__Provided records__.
____________________
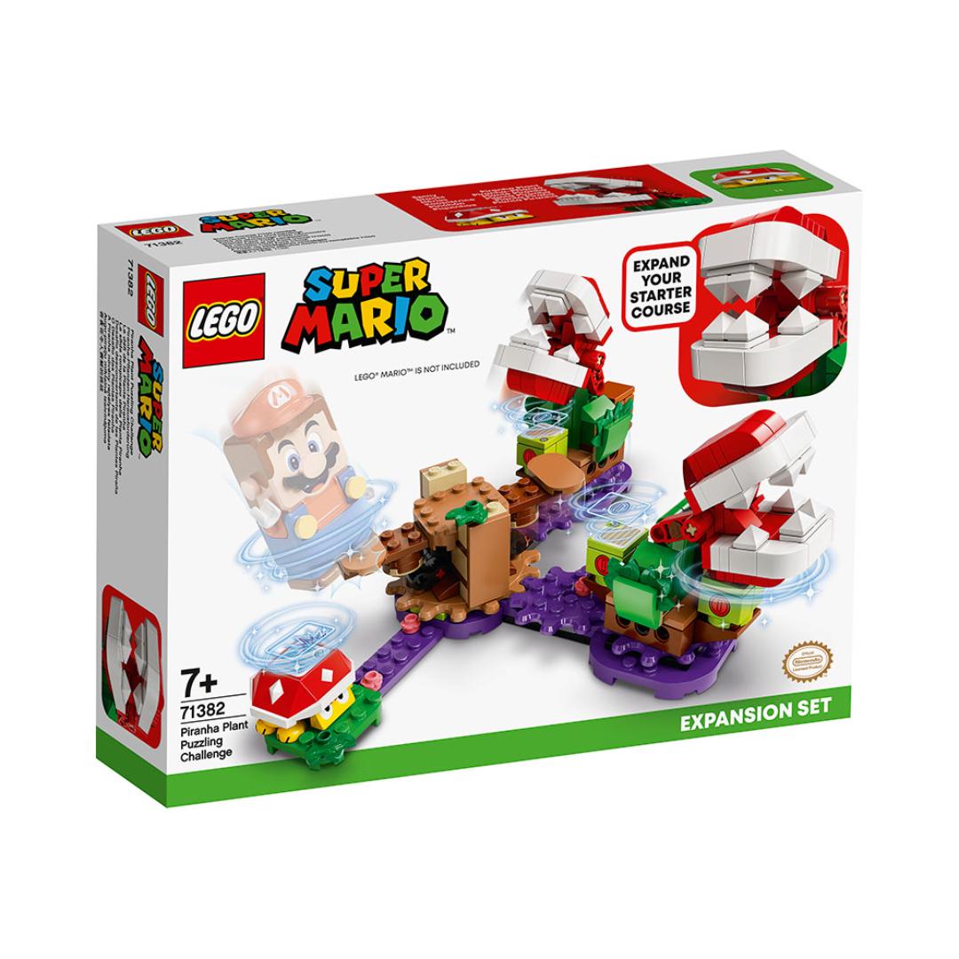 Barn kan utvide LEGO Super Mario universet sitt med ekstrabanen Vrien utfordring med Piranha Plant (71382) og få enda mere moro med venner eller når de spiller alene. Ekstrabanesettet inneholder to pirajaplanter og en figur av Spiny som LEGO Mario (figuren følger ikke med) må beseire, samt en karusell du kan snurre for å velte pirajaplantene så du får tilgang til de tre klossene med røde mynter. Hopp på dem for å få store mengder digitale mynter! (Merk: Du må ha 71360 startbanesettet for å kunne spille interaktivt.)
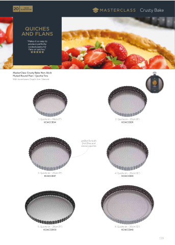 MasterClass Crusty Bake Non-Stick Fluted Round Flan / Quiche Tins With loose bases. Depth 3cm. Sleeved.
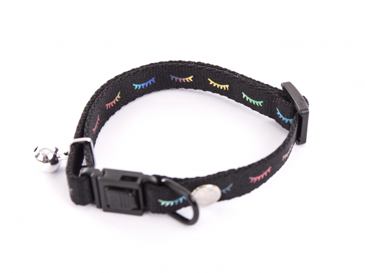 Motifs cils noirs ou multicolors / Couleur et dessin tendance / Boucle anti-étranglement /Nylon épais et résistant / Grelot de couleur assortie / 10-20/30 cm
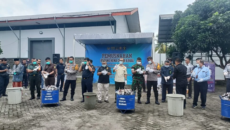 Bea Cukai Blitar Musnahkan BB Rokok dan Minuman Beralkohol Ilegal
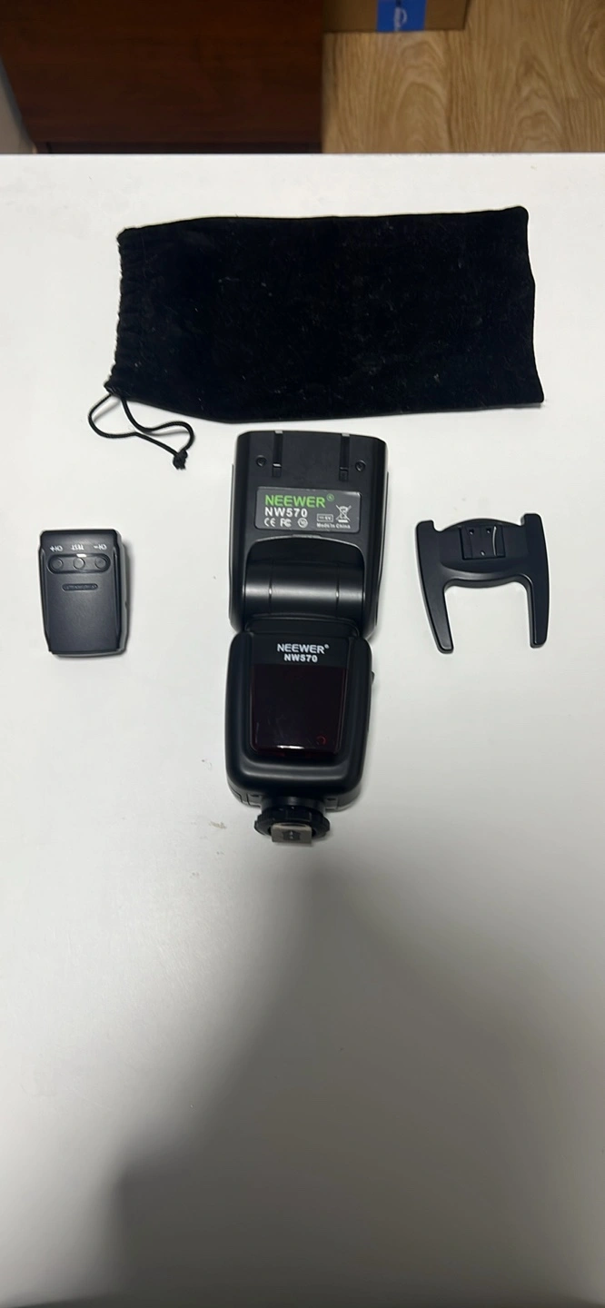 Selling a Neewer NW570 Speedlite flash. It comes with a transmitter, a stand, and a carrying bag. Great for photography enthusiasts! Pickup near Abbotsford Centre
____________________
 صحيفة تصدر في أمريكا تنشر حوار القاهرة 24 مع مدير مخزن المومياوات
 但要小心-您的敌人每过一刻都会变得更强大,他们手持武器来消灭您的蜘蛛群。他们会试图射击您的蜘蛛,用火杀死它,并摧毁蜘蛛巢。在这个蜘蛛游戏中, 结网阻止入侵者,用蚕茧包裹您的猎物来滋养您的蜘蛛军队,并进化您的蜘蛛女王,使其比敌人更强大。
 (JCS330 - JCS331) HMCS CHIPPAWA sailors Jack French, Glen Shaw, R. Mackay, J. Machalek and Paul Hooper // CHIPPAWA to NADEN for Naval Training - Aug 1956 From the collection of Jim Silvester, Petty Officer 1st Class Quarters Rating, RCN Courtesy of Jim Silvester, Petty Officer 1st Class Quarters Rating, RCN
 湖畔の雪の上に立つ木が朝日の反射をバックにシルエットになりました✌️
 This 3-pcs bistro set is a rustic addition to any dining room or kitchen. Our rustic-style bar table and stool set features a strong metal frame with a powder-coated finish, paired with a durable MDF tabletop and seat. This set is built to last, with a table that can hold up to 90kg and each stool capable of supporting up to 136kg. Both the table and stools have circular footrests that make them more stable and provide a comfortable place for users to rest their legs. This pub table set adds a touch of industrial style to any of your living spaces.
____________________
__The problem__.
In the records above, everything from the line with "Bea Cukai Blitar" down to the line with "Selling a Neewer" is to be set down exactly, both ends included, with no pictures and no other lines.

__Result of the task__.
 Bea Cukai Blitar Musnahkan BB Rokok dan Minuman Beralkohol Ilegal
 Selling a Neewer NW570 Speedlite flash. It comes with a transmitter, a stand, and a carrying bag. Great for photography enthusiasts! Pickup near Abbotsford Centre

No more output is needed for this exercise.